# REQUIREMENT
Pictures are to be omitted, and every entry below is to be restated exactly.

INPUT MATERIAL section start

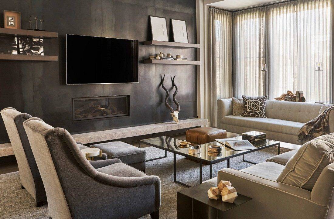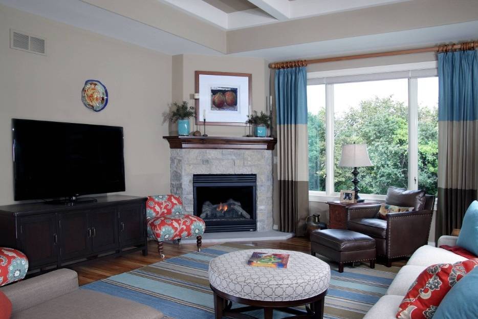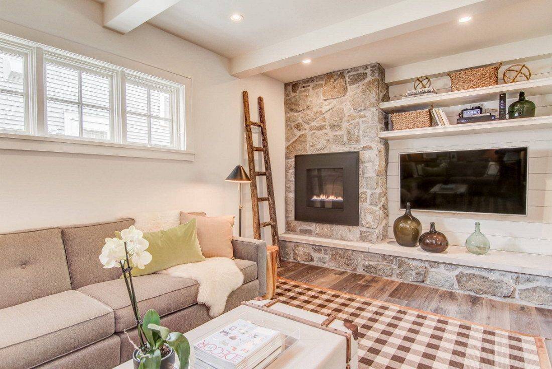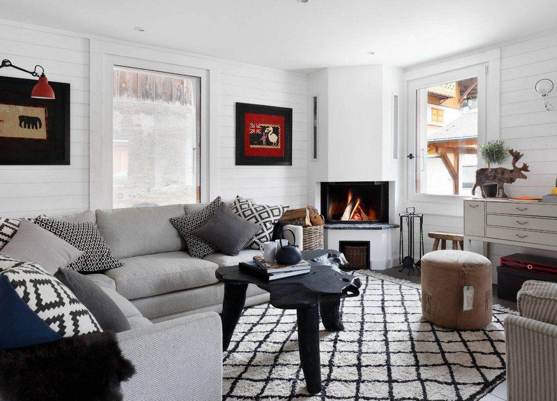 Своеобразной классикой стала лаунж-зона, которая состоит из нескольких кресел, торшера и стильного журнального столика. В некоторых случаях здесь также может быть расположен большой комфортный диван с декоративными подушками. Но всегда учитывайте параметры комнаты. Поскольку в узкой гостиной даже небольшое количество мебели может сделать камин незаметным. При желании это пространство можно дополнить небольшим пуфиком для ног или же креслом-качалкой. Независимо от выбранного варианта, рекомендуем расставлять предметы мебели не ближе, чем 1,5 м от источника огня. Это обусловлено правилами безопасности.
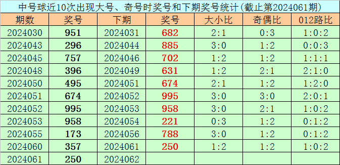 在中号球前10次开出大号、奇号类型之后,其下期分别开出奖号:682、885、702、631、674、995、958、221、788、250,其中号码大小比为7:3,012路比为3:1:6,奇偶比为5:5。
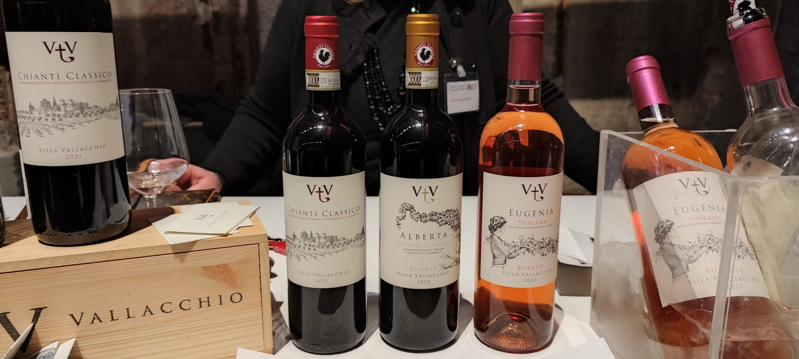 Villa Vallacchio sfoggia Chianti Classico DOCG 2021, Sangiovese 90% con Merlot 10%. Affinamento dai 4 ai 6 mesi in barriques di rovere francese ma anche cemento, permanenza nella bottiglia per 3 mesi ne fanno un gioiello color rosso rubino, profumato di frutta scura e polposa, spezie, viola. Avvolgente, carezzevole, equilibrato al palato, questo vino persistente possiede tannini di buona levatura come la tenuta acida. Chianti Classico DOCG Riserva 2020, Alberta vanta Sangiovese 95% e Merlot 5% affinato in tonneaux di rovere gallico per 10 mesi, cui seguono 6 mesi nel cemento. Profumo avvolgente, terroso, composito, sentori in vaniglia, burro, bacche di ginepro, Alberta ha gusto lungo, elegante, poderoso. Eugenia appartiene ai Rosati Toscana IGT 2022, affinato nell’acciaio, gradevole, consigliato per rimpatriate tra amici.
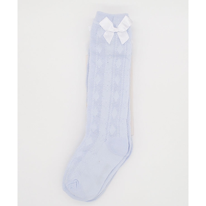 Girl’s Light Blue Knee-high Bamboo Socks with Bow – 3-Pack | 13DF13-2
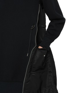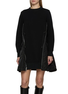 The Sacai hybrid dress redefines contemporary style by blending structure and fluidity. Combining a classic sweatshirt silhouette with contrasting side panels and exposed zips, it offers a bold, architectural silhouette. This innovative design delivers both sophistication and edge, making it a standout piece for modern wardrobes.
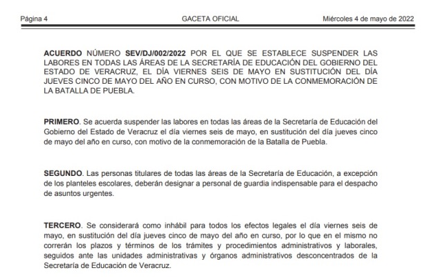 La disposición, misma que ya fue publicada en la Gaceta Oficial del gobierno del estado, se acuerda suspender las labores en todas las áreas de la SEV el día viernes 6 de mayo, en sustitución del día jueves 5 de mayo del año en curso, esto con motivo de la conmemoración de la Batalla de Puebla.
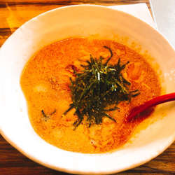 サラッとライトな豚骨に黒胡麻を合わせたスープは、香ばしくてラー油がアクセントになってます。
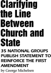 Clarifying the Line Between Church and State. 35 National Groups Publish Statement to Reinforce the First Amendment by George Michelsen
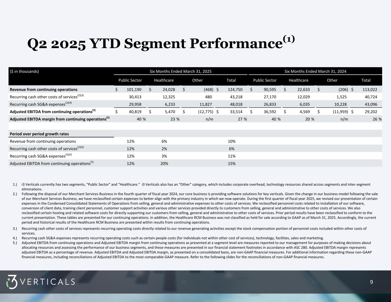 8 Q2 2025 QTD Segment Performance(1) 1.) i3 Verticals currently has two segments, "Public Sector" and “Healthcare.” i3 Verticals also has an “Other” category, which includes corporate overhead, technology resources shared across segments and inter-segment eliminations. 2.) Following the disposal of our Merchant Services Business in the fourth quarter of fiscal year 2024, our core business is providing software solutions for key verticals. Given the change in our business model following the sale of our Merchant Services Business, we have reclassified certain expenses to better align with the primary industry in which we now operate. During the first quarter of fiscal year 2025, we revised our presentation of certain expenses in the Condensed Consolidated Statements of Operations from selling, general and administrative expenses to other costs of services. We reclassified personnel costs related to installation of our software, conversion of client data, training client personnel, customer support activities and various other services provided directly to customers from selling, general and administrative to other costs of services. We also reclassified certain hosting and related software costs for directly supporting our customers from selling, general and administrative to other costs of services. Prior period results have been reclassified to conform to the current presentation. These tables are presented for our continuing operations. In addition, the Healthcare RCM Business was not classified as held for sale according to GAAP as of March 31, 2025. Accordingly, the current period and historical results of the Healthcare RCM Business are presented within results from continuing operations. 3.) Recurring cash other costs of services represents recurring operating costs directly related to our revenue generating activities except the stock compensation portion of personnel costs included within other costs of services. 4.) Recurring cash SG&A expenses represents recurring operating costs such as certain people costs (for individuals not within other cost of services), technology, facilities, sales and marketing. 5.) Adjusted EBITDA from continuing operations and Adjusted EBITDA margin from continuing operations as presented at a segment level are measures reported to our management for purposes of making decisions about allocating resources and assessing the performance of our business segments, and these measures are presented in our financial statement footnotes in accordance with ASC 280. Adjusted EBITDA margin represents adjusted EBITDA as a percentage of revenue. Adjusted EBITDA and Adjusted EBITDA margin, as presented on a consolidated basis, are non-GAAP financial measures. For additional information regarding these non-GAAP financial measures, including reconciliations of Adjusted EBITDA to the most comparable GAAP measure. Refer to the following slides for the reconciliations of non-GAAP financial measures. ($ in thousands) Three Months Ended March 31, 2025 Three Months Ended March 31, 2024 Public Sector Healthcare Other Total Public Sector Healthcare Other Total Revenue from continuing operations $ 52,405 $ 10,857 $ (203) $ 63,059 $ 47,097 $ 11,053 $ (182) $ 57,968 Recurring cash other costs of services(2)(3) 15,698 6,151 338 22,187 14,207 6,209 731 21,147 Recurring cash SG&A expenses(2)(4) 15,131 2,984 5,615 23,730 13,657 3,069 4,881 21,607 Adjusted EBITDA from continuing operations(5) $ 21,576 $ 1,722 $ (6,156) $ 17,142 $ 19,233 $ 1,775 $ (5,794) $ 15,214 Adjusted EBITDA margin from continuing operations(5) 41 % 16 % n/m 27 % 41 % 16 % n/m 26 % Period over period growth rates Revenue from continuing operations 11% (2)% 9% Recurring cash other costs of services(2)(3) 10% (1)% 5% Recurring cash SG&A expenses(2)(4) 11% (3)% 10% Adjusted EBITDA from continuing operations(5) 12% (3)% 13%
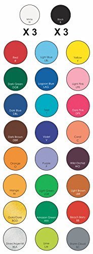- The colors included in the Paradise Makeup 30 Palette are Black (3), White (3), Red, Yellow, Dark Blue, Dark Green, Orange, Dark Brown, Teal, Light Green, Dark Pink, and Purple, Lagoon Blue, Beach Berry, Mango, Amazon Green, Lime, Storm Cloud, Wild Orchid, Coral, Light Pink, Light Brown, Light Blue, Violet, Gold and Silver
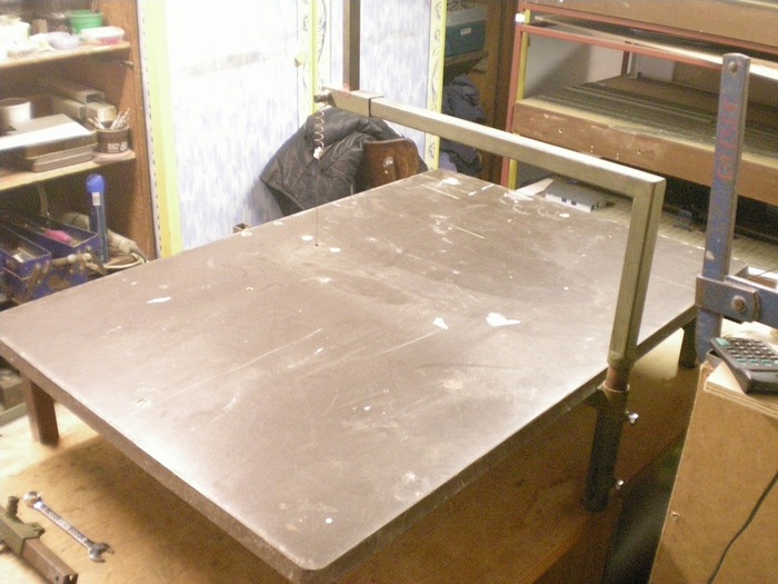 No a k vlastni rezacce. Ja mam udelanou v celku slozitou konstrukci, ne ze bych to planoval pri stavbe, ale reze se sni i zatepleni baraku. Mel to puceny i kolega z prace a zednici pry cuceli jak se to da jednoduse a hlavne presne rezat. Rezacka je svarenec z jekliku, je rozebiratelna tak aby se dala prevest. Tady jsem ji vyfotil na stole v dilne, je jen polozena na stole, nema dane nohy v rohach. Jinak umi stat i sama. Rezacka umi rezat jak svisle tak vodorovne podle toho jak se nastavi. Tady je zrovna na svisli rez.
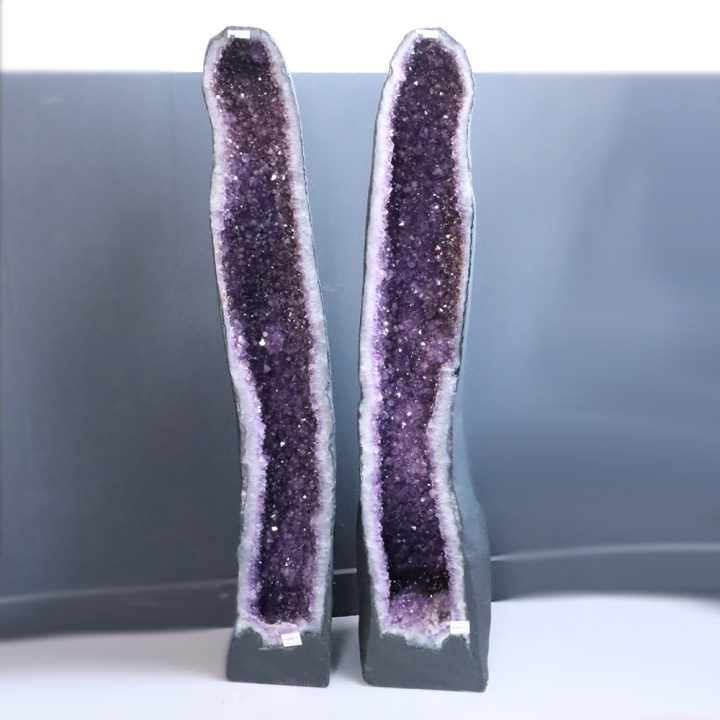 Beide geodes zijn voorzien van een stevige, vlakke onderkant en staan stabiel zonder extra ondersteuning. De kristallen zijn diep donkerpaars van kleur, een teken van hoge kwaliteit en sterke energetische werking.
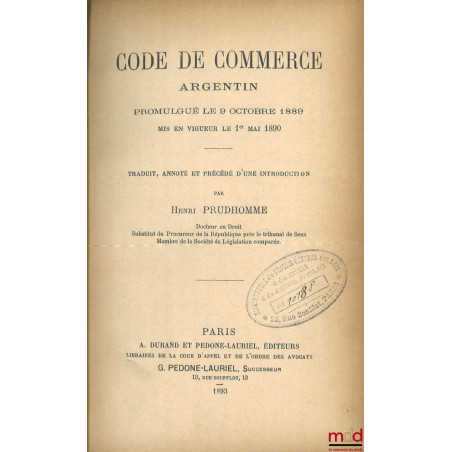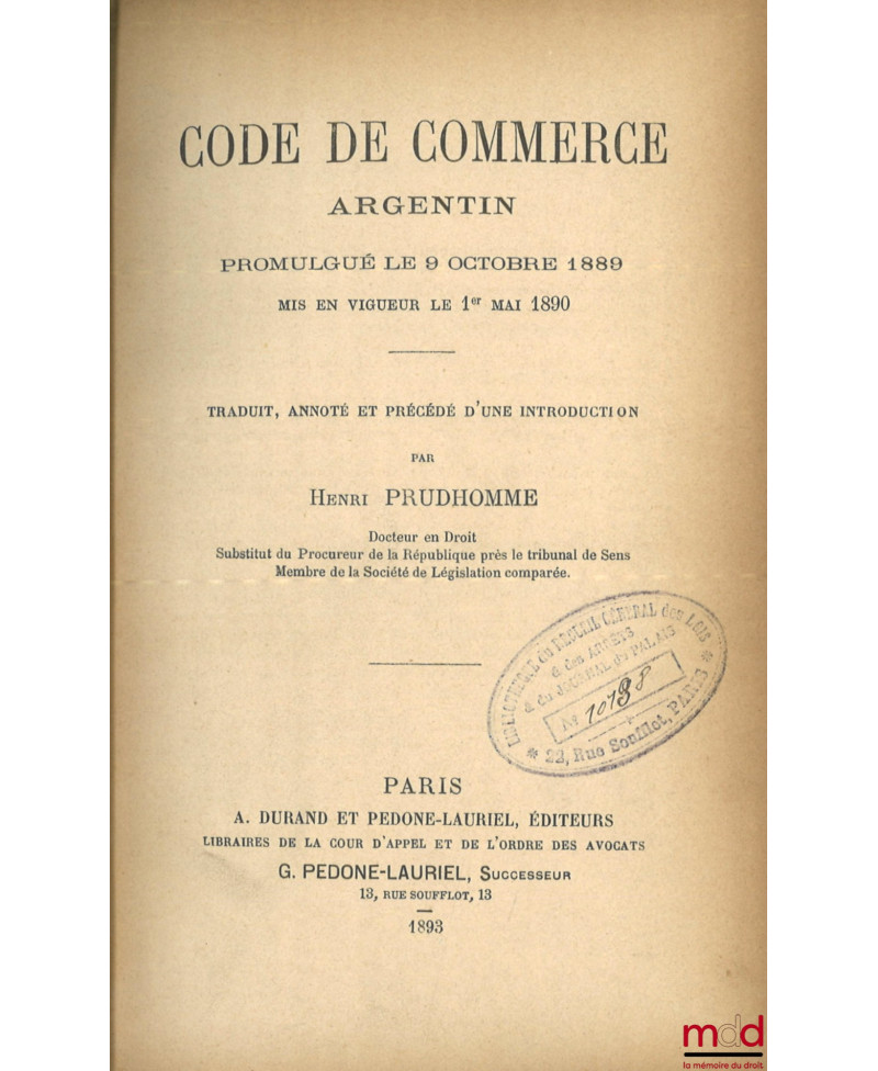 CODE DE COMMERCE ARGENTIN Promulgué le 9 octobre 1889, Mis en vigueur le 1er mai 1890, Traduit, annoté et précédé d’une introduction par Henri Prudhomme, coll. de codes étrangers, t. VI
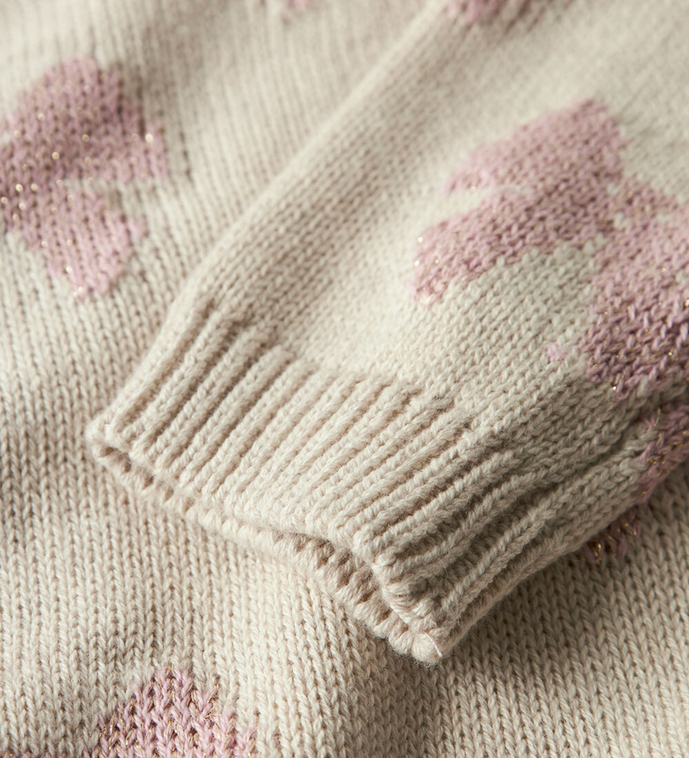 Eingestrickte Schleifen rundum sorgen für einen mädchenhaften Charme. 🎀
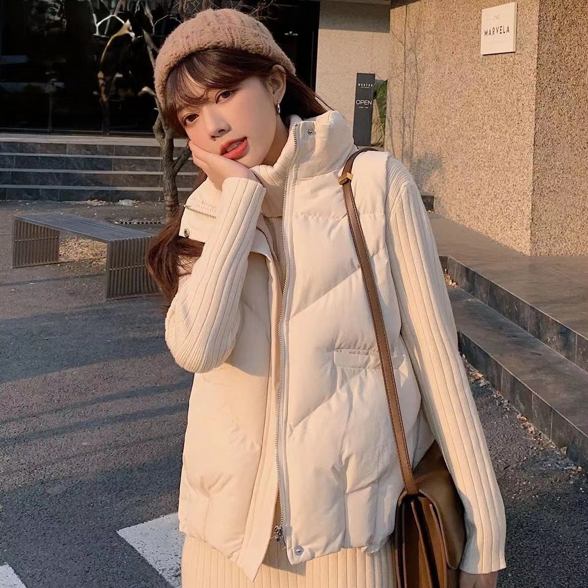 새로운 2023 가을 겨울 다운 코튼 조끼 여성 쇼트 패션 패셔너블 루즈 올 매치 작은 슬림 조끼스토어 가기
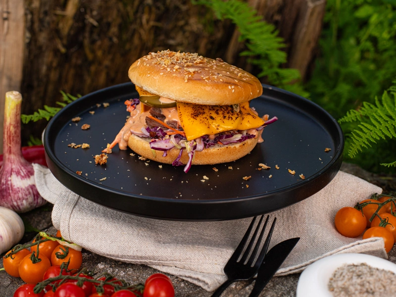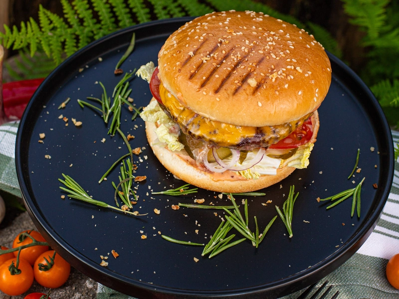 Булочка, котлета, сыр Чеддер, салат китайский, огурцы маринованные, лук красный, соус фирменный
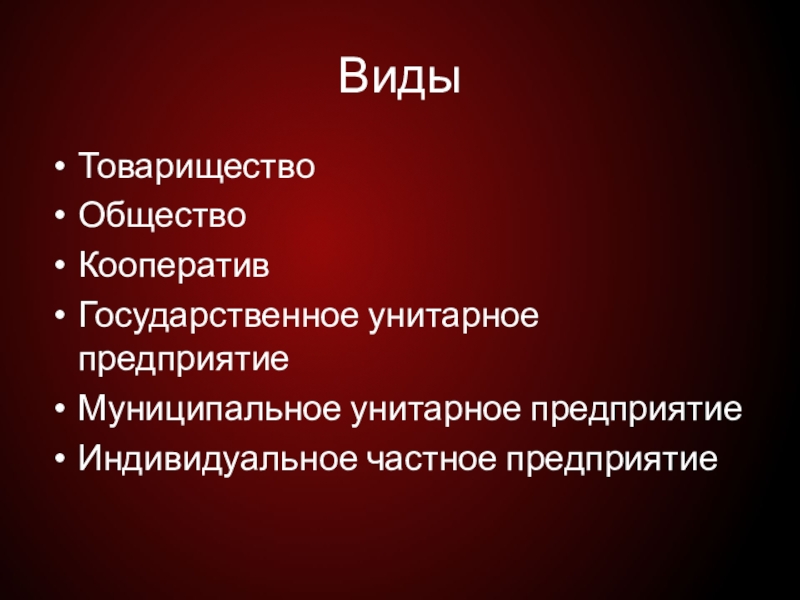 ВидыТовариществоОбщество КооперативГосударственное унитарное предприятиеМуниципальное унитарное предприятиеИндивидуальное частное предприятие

INPUT MATERIAL section end

# RESPONSE TO THIS TASK
 Своеобразной классикой стала лаунж-зона, которая состоит из нескольких кресел, торшера и стильного журнального столика. В некоторых случаях здесь также может быть расположен большой комфортный диван с декоративными подушками. Но всегда учитывайте параметры комнаты. Поскольку в узкой гостиной даже небольшое количество мебели может сделать камин незаметным. При желании это пространство можно дополнить небольшим пуфиком для ног или же креслом-качалкой. Независимо от выбранного варианта, рекомендуем расставлять предметы мебели не ближе, чем 1,5 м от источника огня. Это обусловлено правилами безопасности.
 在中号球前10次开出大号、奇号类型之后,其下期分别开出奖号:682、885、702、631、674、995、958、221、788、250,其中号码大小比为7:3,012路比为3:1:6,奇偶比为5:5。
 Villa Vallacchio sfoggia Chianti Classico DOCG 2021, Sangiovese 90% con Merlot 10%. Affinamento dai 4 ai 6 mesi in barriques di rovere francese ma anche cemento, permanenza nella bottiglia per 3 mesi ne fanno un gioiello color rosso rubino, profumato di frutta scura e polposa, spezie, viola. Avvolgente, carezzevole, equilibrato al palato, questo vino persistente possiede tannini di buona levatura come la tenuta acida. Chianti Classico DOCG Riserva 2020, Alberta vanta Sangiovese 95% e Merlot 5% affinato in tonneaux di rovere gallico per 10 mesi, cui seguono 6 mesi nel cemento. Profumo avvolgente, terroso, composito, sentori in vaniglia, burro, bacche di ginepro, Alberta ha gusto lungo, elegante, poderoso. Eugenia appartiene ai Rosati Toscana IGT 2022, affinato nell’acciaio, gradevole, consigliato per rimpatriate tra amici.
 Girl’s Light Blue Knee-high Bamboo Socks with Bow – 3-Pack | 13DF13-2
 The Sacai hybrid dress redefines contemporary style by blending structure and fluidity. Combining a classic sweatshirt silhouette with contrasting side panels and exposed zips, it offers a bold, architectural silhouette. This innovative design delivers both sophistication and edge, making it a standout piece for modern wardrobes.
 La disposición, misma que ya fue publicada en la Gaceta Oficial del gobierno del estado, se acuerda suspender las labores en todas las áreas de la SEV el día viernes 6 de mayo, en sustitución del día jueves 5 de mayo del año en curso, esto con motivo de la conmemoración de la Batalla de Puebla.
 サラッとライトな豚骨に黒胡麻を合わせたスープは、香ばしくてラー油がアクセントになってます。
 Clarifying the Line Between Church and State. 35 National Groups Publish Statement to Reinforce the First Amendment by George Michelsen
 8 Q2 2025 QTD Segment Performance(1) 1.) i3 Verticals currently has two segments, "Public Sector" and “Healthcare.” i3 Verticals also has an “Other” category, which includes corporate overhead, technology resources shared across segments and inter-segment eliminations. 2.) Following the disposal of our Merchant Services Business in the fourth quarter of fiscal year 2024, our core business is providing software solutions for key verticals. Given the change in our business model following the sale of our Merchant Services Business, we have reclassified certain expenses to better align with the primary industry in which we now operate. During the first quarter of fiscal year 2025, we revised our presentation of certain expenses in the Condensed Consolidated Statements of Operations from selling, general and administrative expenses to other costs of services. We reclassified personnel costs related to installation of our software, conversion of client data, training client personnel, customer support activities and various other services provided directly to customers from selling, general and administrative to other costs of services. We also reclassified certain hosting and related software costs for directly supporting our customers from selling, general and administrative to other costs of services. Prior period results have been reclassified to conform to the current presentation. These tables are presented for our continuing operations. In addition, the Healthcare RCM Business was not classified as held for sale according to GAAP as of March 31, 2025. Accordingly, the current period and historical results of the Healthcare RCM Business are presented within results from continuing operations. 3.) Recurring cash other costs of services represents recurring operating costs directly related to our revenue generating activities except the stock compensation portion of personnel costs included within other costs of services. 4.) Recurring cash SG&A expenses represents recurring operating costs such as certain people costs (for individuals not within other cost of services), technology, facilities, sales and marketing. 5.) Adjusted EBITDA from continuing operations and Adjusted EBITDA margin from continuing operations as presented at a segment level are measures reported to our management for purposes of making decisions about allocating resources and assessing the performance of our business segments, and these measures are presented in our financial statement footnotes in accordance with ASC 280. Adjusted EBITDA margin represents adjusted EBITDA as a percentage of revenue. Adjusted EBITDA and Adjusted EBITDA margin, as presented on a consolidated basis, are non-GAAP financial measures. For additional information regarding these non-GAAP financial measures, including reconciliations of Adjusted EBITDA to the most comparable GAAP measure. Refer to the following slides for the reconciliations of non-GAAP financial measures. ($ in thousands) Three Months Ended March 31, 2025 Three Months Ended March 31, 2024 Public Sector Healthcare Other Total Public Sector Healthcare Other Total Revenue from continuing operations $ 52,405 $ 10,857 $ (203) $ 63,059 $ 47,097 $ 11,053 $ (182) $ 57,968 Recurring cash other costs of services(2)(3) 15,698 6,151 338 22,187 14,207 6,209 731 21,147 Recurring cash SG&A expenses(2)(4) 15,131 2,984 5,615 23,730 13,657 3,069 4,881 21,607 Adjusted EBITDA from continuing operations(5) $ 21,576 $ 1,722 $ (6,156) $ 17,142 $ 19,233 $ 1,775 $ (5,794) $ 15,214 Adjusted EBITDA margin from continuing operations(5) 41 % 16 % n/m 27 % 41 % 16 % n/m 26 % Period over period growth rates Revenue from continuing operations 11% (2)% 9% Recurring cash other costs of services(2)(3) 10% (1)% 5% Recurring cash SG&A expenses(2)(4) 11% (3)% 10% Adjusted EBITDA from continuing operations(5) 12% (3)% 13%
- The colors included in the Paradise Makeup 30 Palette are Black (3), White (3), Red, Yellow, Dark Blue, Dark Green, Orange, Dark Brown, Teal, Light Green, Dark Pink, and Purple, Lagoon Blue, Beach Berry, Mango, Amazon Green, Lime, Storm Cloud, Wild Orchid, Coral, Light Pink, Light Brown, Light Blue, Violet, Gold and Silver
 No a k vlastni rezacce. Ja mam udelanou v celku slozitou konstrukci, ne ze bych to planoval pri stavbe, ale reze se sni i zatepleni baraku. Mel to puceny i kolega z prace a zednici pry cuceli jak se to da jednoduse a hlavne presne rezat. Rezacka je svarenec z jekliku, je rozebiratelna tak aby se dala prevest. Tady jsem ji vyfotil na stole v dilne, je jen polozena na stole, nema dane nohy v rohach. Jinak umi stat i sama. Rezacka umi rezat jak svisle tak vodorovne podle toho jak se nastavi. Tady je zrovna na svisli rez.
 Beide geodes zijn voorzien van een stevige, vlakke onderkant en staan stabiel zonder extra ondersteuning. De kristallen zijn diep donkerpaars van kleur, een teken van hoge kwaliteit en sterke energetische werking.
 CODE DE COMMERCE ARGENTIN Promulgué le 9 octobre 1889, Mis en vigueur le 1er mai 1890, Traduit, annoté et précédé d’une introduction par Henri Prudhomme, coll. de codes étrangers, t. VI
 Eingestrickte Schleifen rundum sorgen für einen mädchenhaften Charme. 🎀
 새로운 2023 가을 겨울 다운 코튼 조끼 여성 쇼트 패션 패셔너블 루즈 올 매치 작은 슬림 조끼스토어 가기
 Булочка, котлета, сыр Чеддер, салат китайский, огурцы маринованные, лук красный, соус фирменный
 ВидыТовариществоОбщество КооперативГосударственное унитарное предприятиеМуниципальное унитарное предприятиеИндивидуальное частное предприятие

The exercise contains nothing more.